25-jähriges Dienstjubiläum: Schulleiter gratuliert Charlotte Falk und Frank Porsch

Im Rahmen einer Gesamtkonferenz gratulierte der Schulleiter Friedhelm Miebach der Max-Eyth-Schule in Alsfeld dem Lehrer Frank Porsch und der Abteilungsleiterin Charlotte Falk zum 25-jährigen Dienstjubiläum.

In seiner Würdigung stellte Miebach heraus, dass Frank Porsch, seit der 2. Staatprüfung 1982 die Lehrbefähigung in Wirtschaft und Verwaltung sowie Deutsch inne hat. Seit dieser Zeit unterrichtet er neben diesen Fächern an der damaligen Kreisberufsschule in fast allen Berufsfeldern und Schulformen auch die Fächer Politik, Wirtschaftskunde und Sport. Die auf diesem Wege erworbenen vielschichtigen Erfahrungen konnte Frank Porsch später als Klassenlehrer oder Koordinator von Praxis und Theorie gewinnbringend einsetzen. Gleichzeitig profitierten aber nicht nur die Schülerinnen und Schüler davon, sondern er gab seine Erfahrungen auch sehr engagiert als Mentor an Referendare weiter. In seiner über 15-jährigen Tätigkeit im Bereich der Bürokaufleute stellte er besondere organisatorische Talente unter Beweis. Er pflegte dabei auch einen besonders engen Kontakt zu Ausbildungsbetrieben und der IHK Gießen/Friedberg, wo er als Prüfungsausschussmitglied langjährig den Vorsitz inne hatte. Gleichzeitig bemühte sich der Pädagoge auch über sein eigentliches Metier hinauszublicken und war deshalb eine Zeit lang freiberuflich bei Prof. Dr. Stückmann in Stein am Rhein (Schweiz) und als Dozent beim Berufsfortbildungswerk in Lauterbach und in Fulda sowie als Dozent an der Fachhochschule in Fulda tätig. Schließlich absolviert er dann noch ein Ergänzungsstudium im Fach Sport und war als Sportsmann immer Vorbild, da er die Übungen nicht nur theoretisch abhandelte, so der Schulleiter Miebach. Dabei kam es im letzten Jahr dann leider zu einem schweren Sportunfall, der dem Pädagogen noch immer zu schaffen macht. Deshalb wünschte ihm der Schulleiter zum Abschluss, dass er möglichst bald wieder seine sportliche Fitness erlange und bedankte sich für sein 25-jähriges Engagement an der Max-Eyth-Schule.

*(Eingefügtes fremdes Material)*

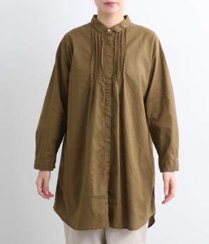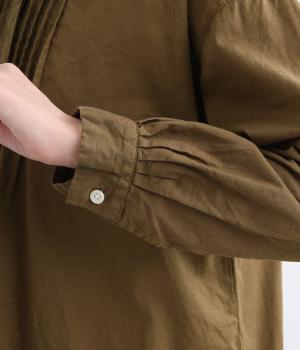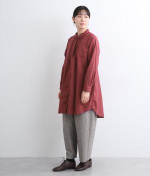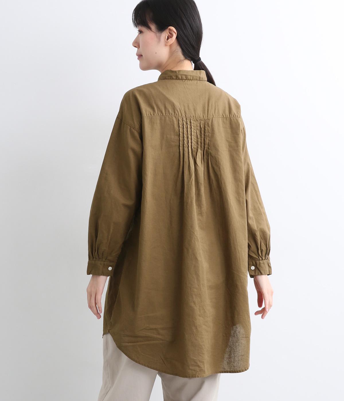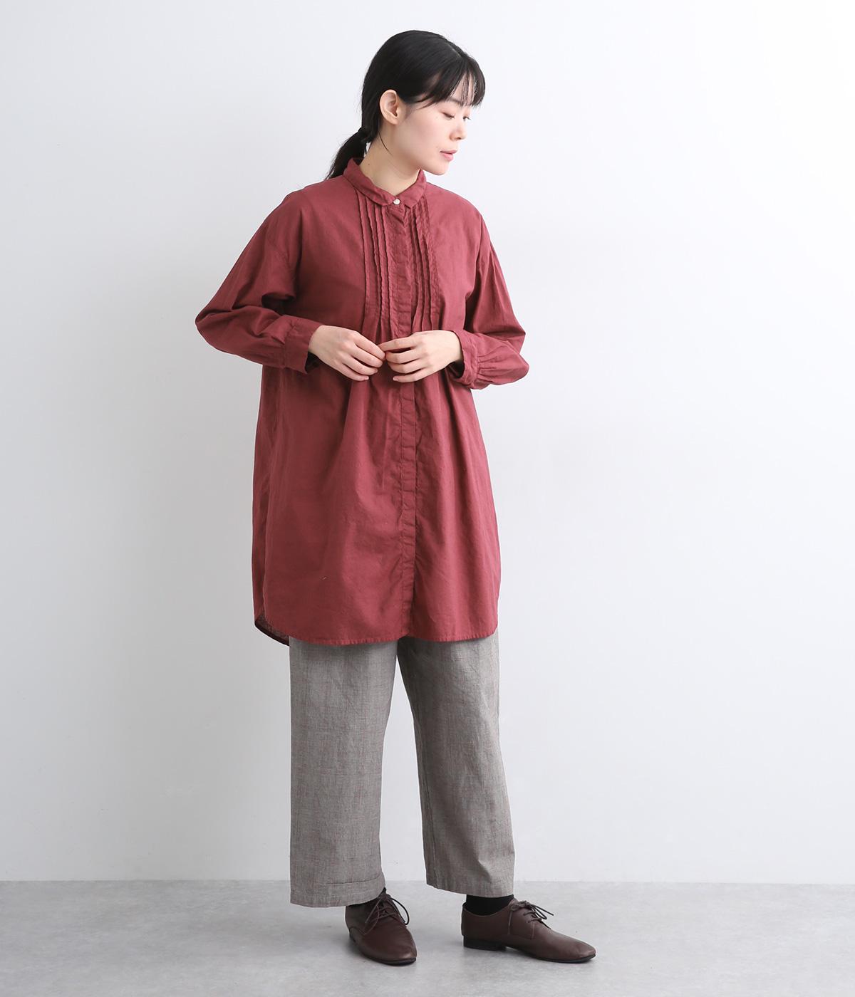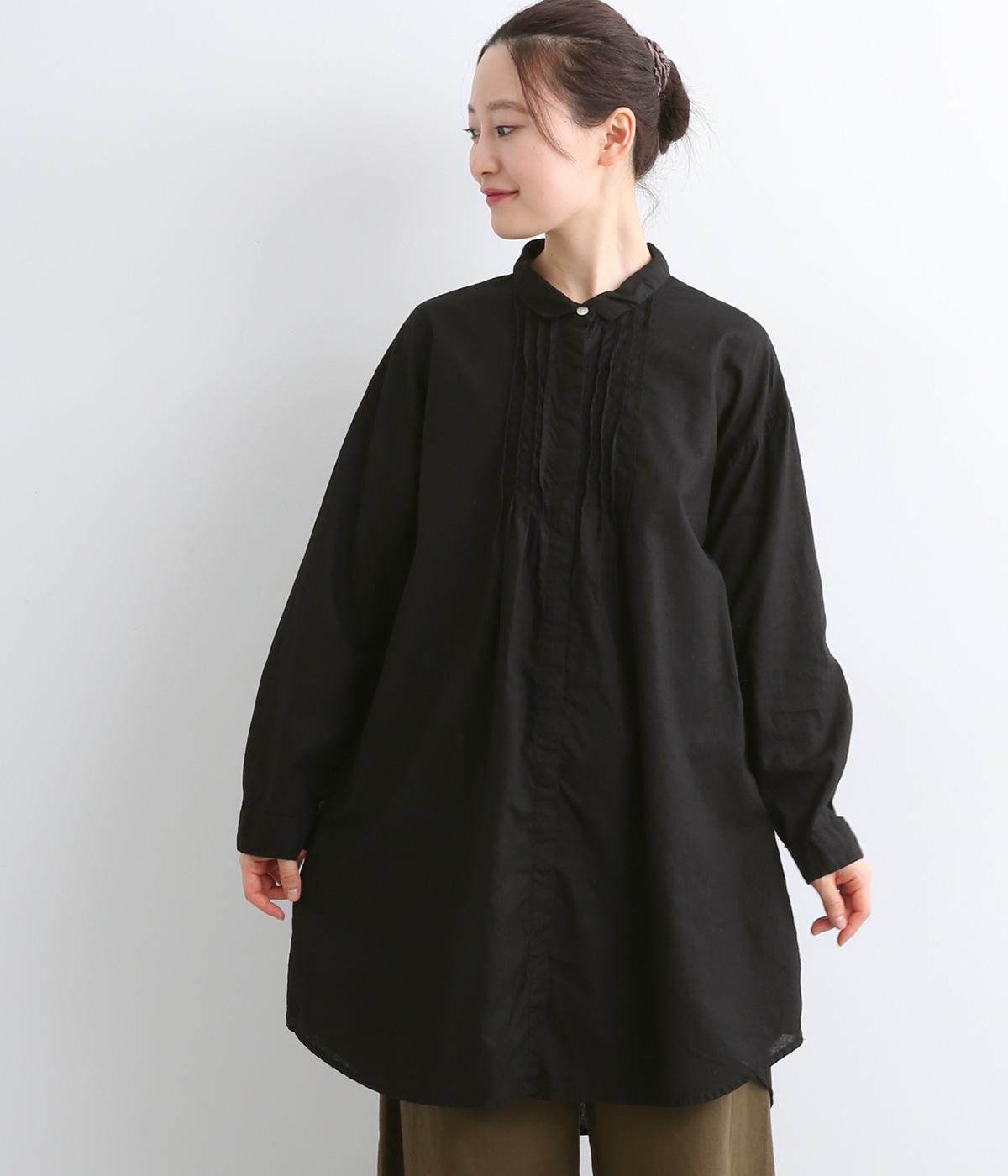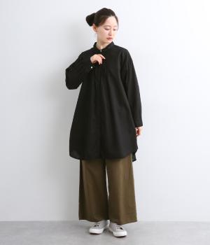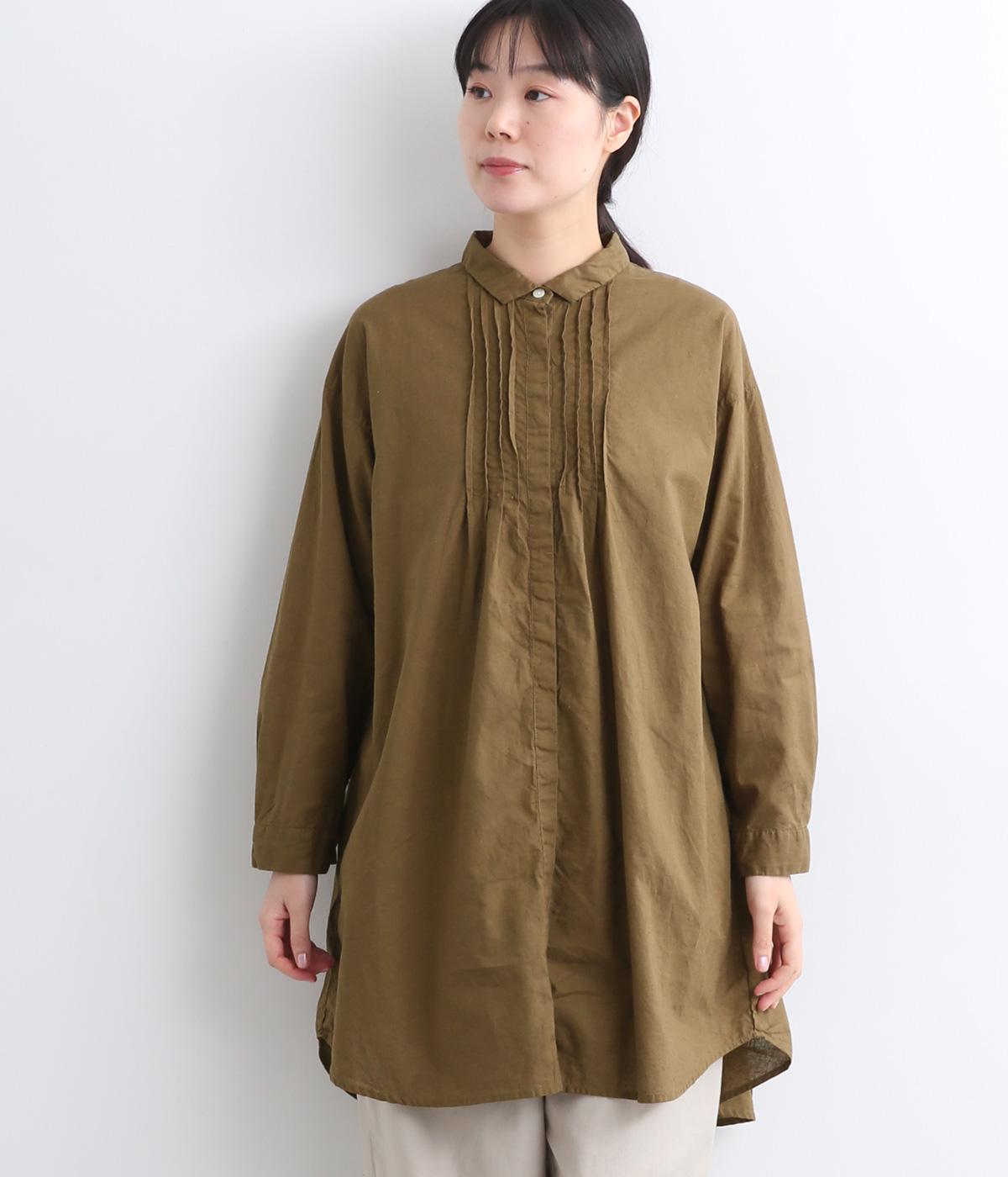 前後に入ったピンタックが目を惹くシャツチュニック。長め丈でほどよく広がるラインなので、腰まわりやヒップまわりをカバーしながらラフすぎない着こなしが叶います。小さめの襟で品よく見えるのもうれしい。

Auch Charlotte Falk blickt auf eine lange und erfolgreiche Arbeit in verschiedenen Gremien in und außerhalb der Schule zurück, so der Schulleiter in seiner Würdigung. Schon seit ihrem Referendariat ist sie als Berufsschullehrerin an der Max-Eyth-Schule tätig. Unterbrochen wurde der Zeitraum nur durch einen kurzen Einsatz als Hilfsdezernentin beim Regierungspräsidium in Gießen. Während ihrer Dienstzeit an der Max-Eyth-Schule war sie dann Mitglied des Personalrates und vieler weiterer schulischer Arbeitsgruppen. 1991 wurde Charlotte Falk dann zur Oberstudienrätin ernannt und ab Dezember 1996 mit der Leitung einer Abteilung (VI) beauftragt. Seitdem hat sie es verstanden die Schulformen ihrer Abteilung weiter zu entwickeln. So entstanden für die Schülerinnen und Schüler zukunftsweisende Bildungsangebote, welche in hohem Maße auch von außerhalb des Vogelsbergkreises nachgefragt werden. Dieser starke Zuspruch machte es schließlich sogar notwendig einige Schulformen aus der Abteilung auszugliedern. Die diesjährigen Anmeldezahlen für das Berufliche Gymnasium, die einen neuen Höchststand erreicht haben, sind eindeutig Ausdruck dieser erfolgreichen Arbeit, so Schulleiter Miebach. Dabei stand für die Pädagogin immer die Teamarbeit im Vordergrund, bei der gemeinsam mit den Kolleginnen und Kollegen ihrer Abteilung höchste fachliche und pädagogische Standards entwickelt und mutig neue Wege gegangen wurden. Vom Kultusministerium neu eingerichtete Schulversuche wurden dann auch ohne Zögern in Angriff genommen und aufgrund des großen Engagement ist die Max-Eyth-Schule auch für das neue Landesabitur bestens gerüstet. Schulleiter Miebach lobte auch Charlotte Falks großen Einsatz, wenn es um die Belange ihrer Abteilung in der Schulleitung gehe, wobei ihr allerdings auch das Gesamtwohl der Schule nicht aus dem Blick gerate. Diesbezüglich ist ihr auch die Planung zusammen mit den anderen "Stammtischmitgliedern" der jährlichen Betriebsausflüge ein großes Anliegen, welche längst zu Highlights in der Schulkultur geworden sind. Abschließend dankte ihr der Schulleiter für die vielen Aktivitäten in den letzten 25 Jahren und wünschte ihr auch in Zukunft die Kraft und den Elan, die anstehenden Aufgaben auch weiterhin umsichtig zu meistern.